→ **Problem statement**:
The pictures stay out; all of the data is to be printed exactly.

**** Information supplied ****

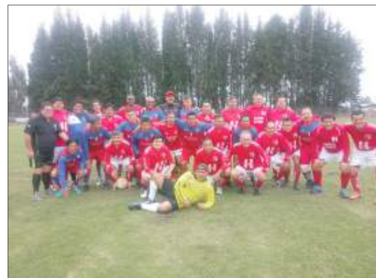
► Equipo del Olmedo de la categoría súper 50.

Hoy en cambio se jugará los partidos entre el Club 21 de Abril y el elenco del Cruzeiro a
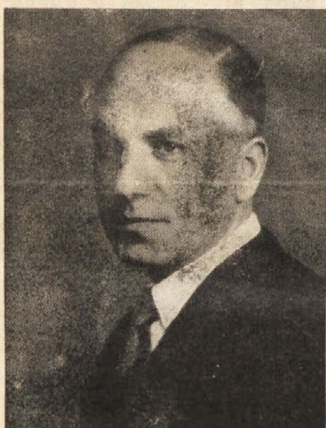
Stvaritelj modernih nemških avtomobilskih cest: dr. Fritz Todt.
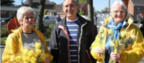
N-VA Nijlen in actie p.2
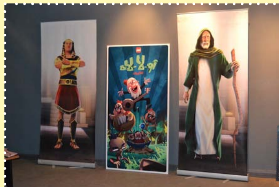
افتتاح معرض الرسوم المتحركة-مركز الهناجر للفنون
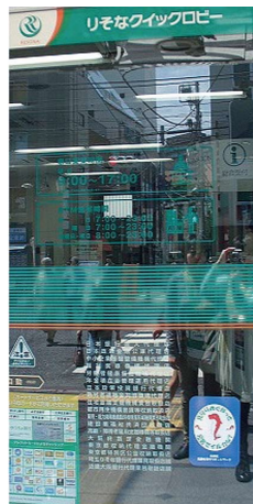
りそな銀行 中目黒 支店 (上目黒3丁目)

昭和17年に中目黒で開設し、70年以上の歴史のある銀行です。近年ご高齢のお客様が増えています。認知症サポーター養成講座を受講して以来、お客様へのお声かけの工夫や、対応について気を配っています。また金融被害に巻き込まれないように警察とも協力しながら見守りを行っています。今後も地域の銀行として、 見守りめぐねつと 登録事業者として見守り活動を続けていきます。
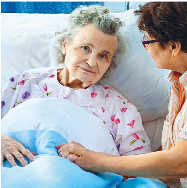
Angehörige in der letzten Lebensphase begleiten, birgt viele emotionale Unsicherheiten.

Ein Aufbaukurs ist geplant in Wattwil am 7. und 21. Mai 2022. Der Besuch des Grundkurses ist Bedingung für die Teilnahme am Aufbaukurs.
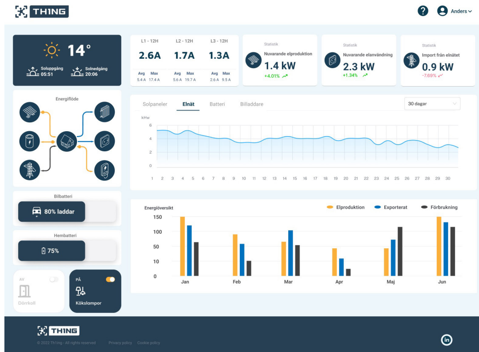
Exempel på hur en visualisering kommer att kunna se ut för kund.

som grund, vilken möjliggör för fastighetsägaren att samla all data och information centralt. Med denna lösning, som vi benämner "IoT Open Ready", kan fastighetsägaren koppla ihop samtliga enheter och sensorer i fastigheten, för att få tillgång till all data centralt i sitt administrativa system, alternativt i TH1NGs webb- eller appgränssnitt.
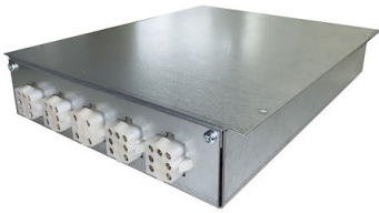
CONNECTION BOX 4 FOYERS I369 B40
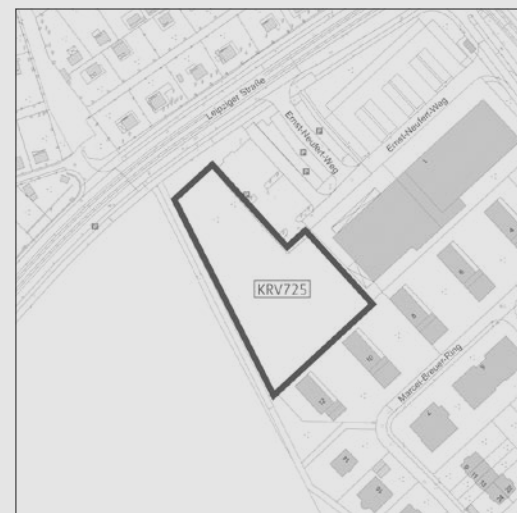
Zur Drucksache Nr. 1789/21
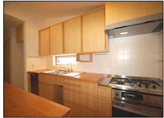
奥様と設計室で考えた手作りキッチン
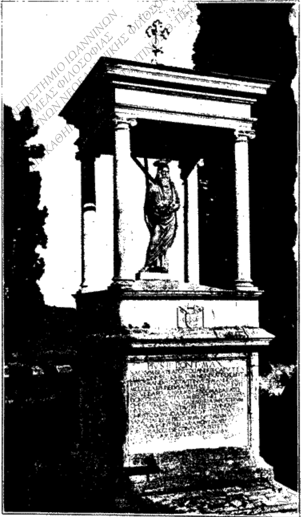
Τὸ εὐκτήριον τοῦ Ἁγίου Ἀνδρέου παρὰ τὴν Μουλδίον γέφυραν.
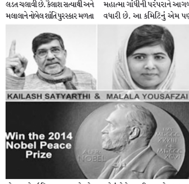
અંક નવો ઈતિહાસ રચાયો છે. કમિટિનું કહેવું છે કે, સત્યાર્થીએ અંક નવો ઈતિહાસ રચાયો છે. કહેવું છે કે, સુકી બાળકો વધુ ધ્યાન આપે તે જરૂરી છે. વિશ્વાસ ગરીબ

અધિકારો માટે સતત સંઘર્ષ કરતા રહ્યા છે. બીજી બાજુ મલાલા યુસુફ જીની પણ પાકિસ્તાનમાં બાળકોના શિક્ષણ સાથે જોડાયેલી છે. તે તાલિબાનના જીવલેણ હુમલામાં સહજમાં બચી
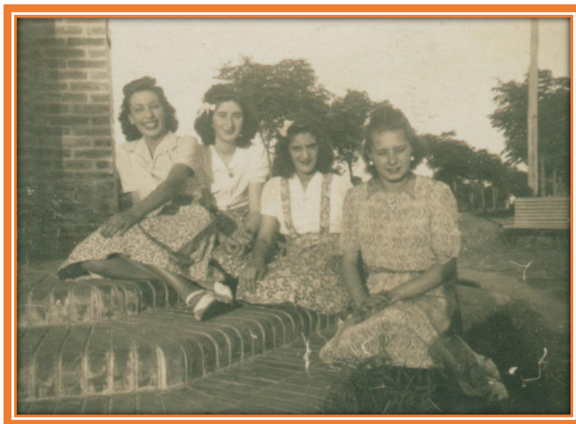
Jóvenes de "Villa Iglesias" al pie del mástil de la Plaza "Centenario"

En el centro de la Plaza se fue levantando de ladrillo cerámico a la vista el mástil, de base octogonal con tres escalones, sobre ella se levantó un pilar en forma de cruz, rematado en un cuadrado, de cuyo centro emergía el mástil.
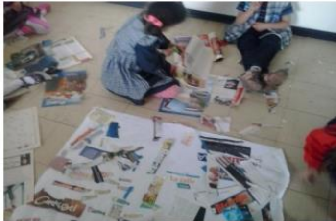
Fotografía de la actividad
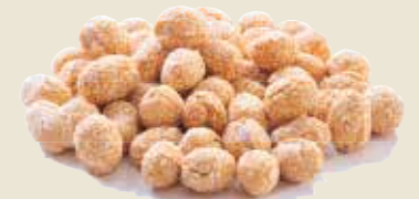
■ בוטנימוס שומשום (קבוקים שומשום)
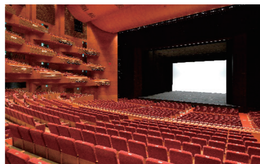
県芸術劇場 大ホール
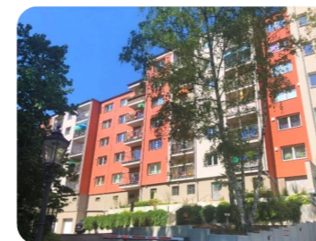
Berlin-Kreuzberg, Methfesselstr. 29/31

Energetische Sanierung eines Mehrfamilienhauses und Dachaufstockung zur Schaffung von neuem Wohnraum
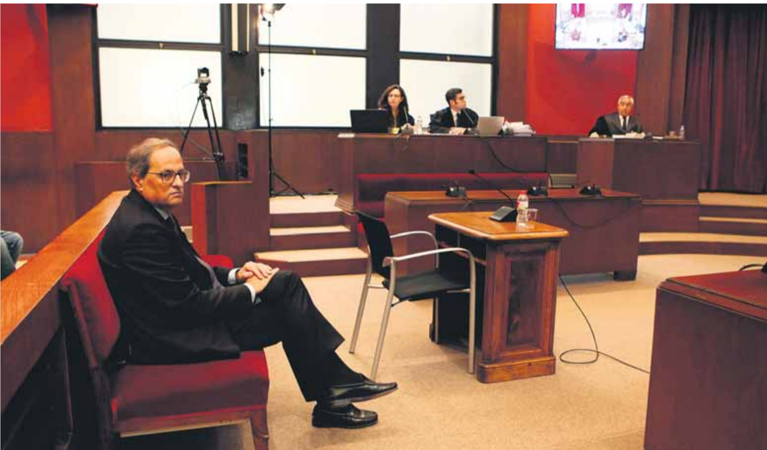
El president Quim Torra, assegut al banc dels acusats en el judici per desobediència al TSJC el 18 de novembre passat
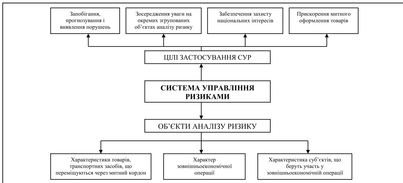
Рисунок 2. Цілі застосування СУР і об'єкти аналізу ризику
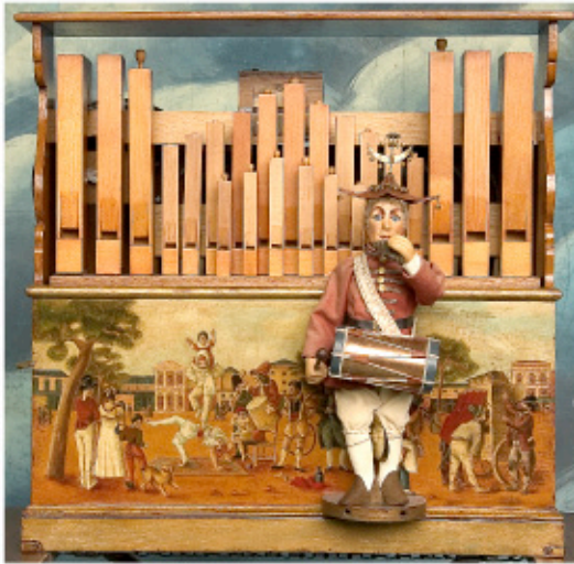
27 Erman orgue à flûtes
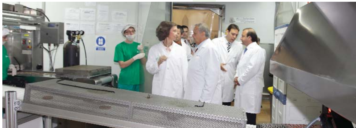
La Reina, en la sala de fabricación de hamburguesas vegetales
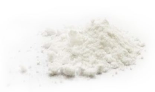
Рис. 4. Продукт дробления
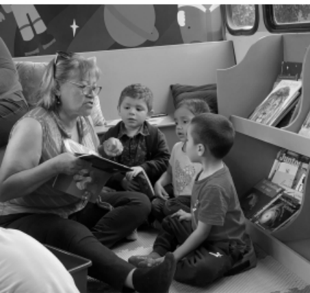
Por Delia Ruelas

El proyecto denominado Bibliobús busca llevar educación y acercar el acervo infantil a las colonias vulnerables o alejadas de la mancha urbana, así también el denominado Papalote bus lúdico, es un camión con actividades sensoriales en donde se le da atención a niños con problemas del aprendizaje, trastornos del desarrollo, problemas cognitivos, problemas del habla, se atiende a niños con discapacidad motriz, ambos camiones tienen un enfoque de atención integral para los infantes.
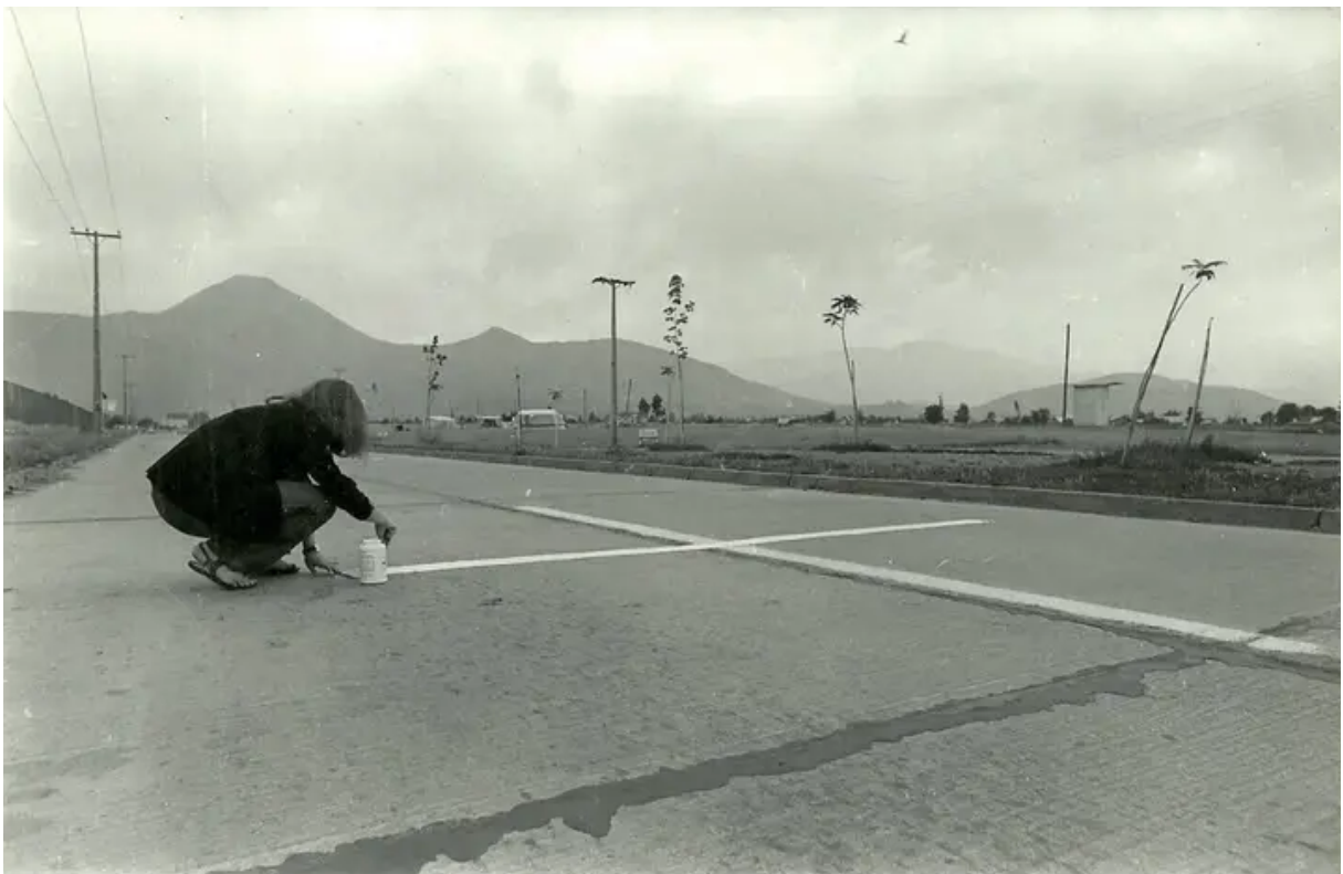
FIG. 15. Lotty Rosenfeld, Una milla de cruces sobre el pavimento , 1979.

La artista convierte su obra en un gesto de insumisión a lo impuesto, a la vez posible de trasladar hacia los demás sistemas de poder (Richard, 1986), el acto de transgredir un sistema que delimita la circulación, en un contexto marcado por la prohibición, se convierte en un modo específico de interrogar los mandatos que ordenan la convivencia social. En este sentido, la obra surge como desacato e interpela la actitud irreflexiva de los ciudadanos al obedecer reglas constantemente.
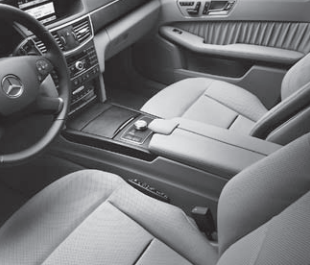
Polsterung Leder Nappa

****

→ **Response for this exercise**:
► Equipo del Olmedo de la categoría súper 50.

Hoy en cambio se jugará los partidos entre el Club 21 de Abril y el elenco del Cruzeiro a
Stvaritelj modernih nemških avtomobilskih cest: dr. Fritz Todt.
N-VA Nijlen in actie p.2
افتتاح معرض الرسوم المتحركة-مركز الهناجر للفنون
りそな銀行 中目黒 支店 (上目黒3丁目)

昭和17年に中目黒で開設し、70年以上の歴史のある銀行です。近年ご高齢のお客様が増えています。認知症サポーター養成講座を受講して以来、お客様へのお声かけの工夫や、対応について気を配っています。また金融被害に巻き込まれないように警察とも協力しながら見守りを行っています。今後も地域の銀行として、 見守りめぐねつと 登録事業者として見守り活動を続けていきます。
Angehörige in der letzten Lebensphase begleiten, birgt viele emotionale Unsicherheiten.

Ein Aufbaukurs ist geplant in Wattwil am 7. und 21. Mai 2022. Der Besuch des Grundkurses ist Bedingung für die Teilnahme am Aufbaukurs.
Exempel på hur en visualisering kommer att kunna se ut för kund.

som grund, vilken möjliggör för fastighetsägaren att samla all data och information centralt. Med denna lösning, som vi benämner "IoT Open Ready", kan fastighetsägaren koppla ihop samtliga enheter och sensorer i fastigheten, för att få tillgång till all data centralt i sitt administrativa system, alternativt i TH1NGs webb- eller appgränssnitt.
CONNECTION BOX 4 FOYERS I369 B40
Zur Drucksache Nr. 1789/21
奥様と設計室で考えた手作りキッチン
Τὸ εὐκτήριον τοῦ Ἁγίου Ἀνδρέου παρὰ τὴν Μουλδίον γέφυραν.
અંક નવો ઈતિહાસ રચાયો છે. કમિટિનું કહેવું છે કે, સત્યાર્થીએ અંક નવો ઈતિહાસ રચાયો છે. કહેવું છે કે, સુકી બાળકો વધુ ધ્યાન આપે તે જરૂરી છે. વિશ્વાસ ગરીબ

અધિકારો માટે સતત સંઘર્ષ કરતા રહ્યા છે. બીજી બાજુ મલાલા યુસુફ જીની પણ પાકિસ્તાનમાં બાળકોના શિક્ષણ સાથે જોડાયેલી છે. તે તાલિબાનના જીવલેણ હુમલામાં સહજમાં બચી
Jóvenes de "Villa Iglesias" al pie del mástil de la Plaza "Centenario"

En el centro de la Plaza se fue levantando de ladrillo cerámico a la vista el mástil, de base octogonal con tres escalones, sobre ella se levantó un pilar en forma de cruz, rematado en un cuadrado, de cuyo centro emergía el mástil.
Fotografía de la actividad
■ בוטנימוס שומשום (קבוקים שומשום)
県芸術劇場 大ホール
Berlin-Kreuzberg, Methfesselstr. 29/31

Energetische Sanierung eines Mehrfamilienhauses und Dachaufstockung zur Schaffung von neuem Wohnraum
El president Quim Torra, assegut al banc dels acusats en el judici per desobediència al TSJC el 18 de novembre passat
Рисунок 2. Цілі застосування СУР і об'єкти аналізу ризику
27 Erman orgue à flûtes
La Reina, en la sala de fabricación de hamburguesas vegetales
Рис. 4. Продукт дробления
Por Delia Ruelas

El proyecto denominado Bibliobús busca llevar educación y acercar el acervo infantil a las colonias vulnerables o alejadas de la mancha urbana, así también el denominado Papalote bus lúdico, es un camión con actividades sensoriales en donde se le da atención a niños con problemas del aprendizaje, trastornos del desarrollo, problemas cognitivos, problemas del habla, se atiende a niños con discapacidad motriz, ambos camiones tienen un enfoque de atención integral para los infantes.
FIG. 15. Lotty Rosenfeld, Una milla de cruces sobre el pavimento , 1979.

La artista convierte su obra en un gesto de insumisión a lo impuesto, a la vez posible de trasladar hacia los demás sistemas de poder (Richard, 1986), el acto de transgredir un sistema que delimita la circulación, en un contexto marcado por la prohibición, se convierte en un modo específico de interrogar los mandatos que ordenan la convivencia social. En este sentido, la obra surge como desacato e interpela la actitud irreflexiva de los ciudadanos al obedecer reglas constantemente.
Polsterung Leder Nappa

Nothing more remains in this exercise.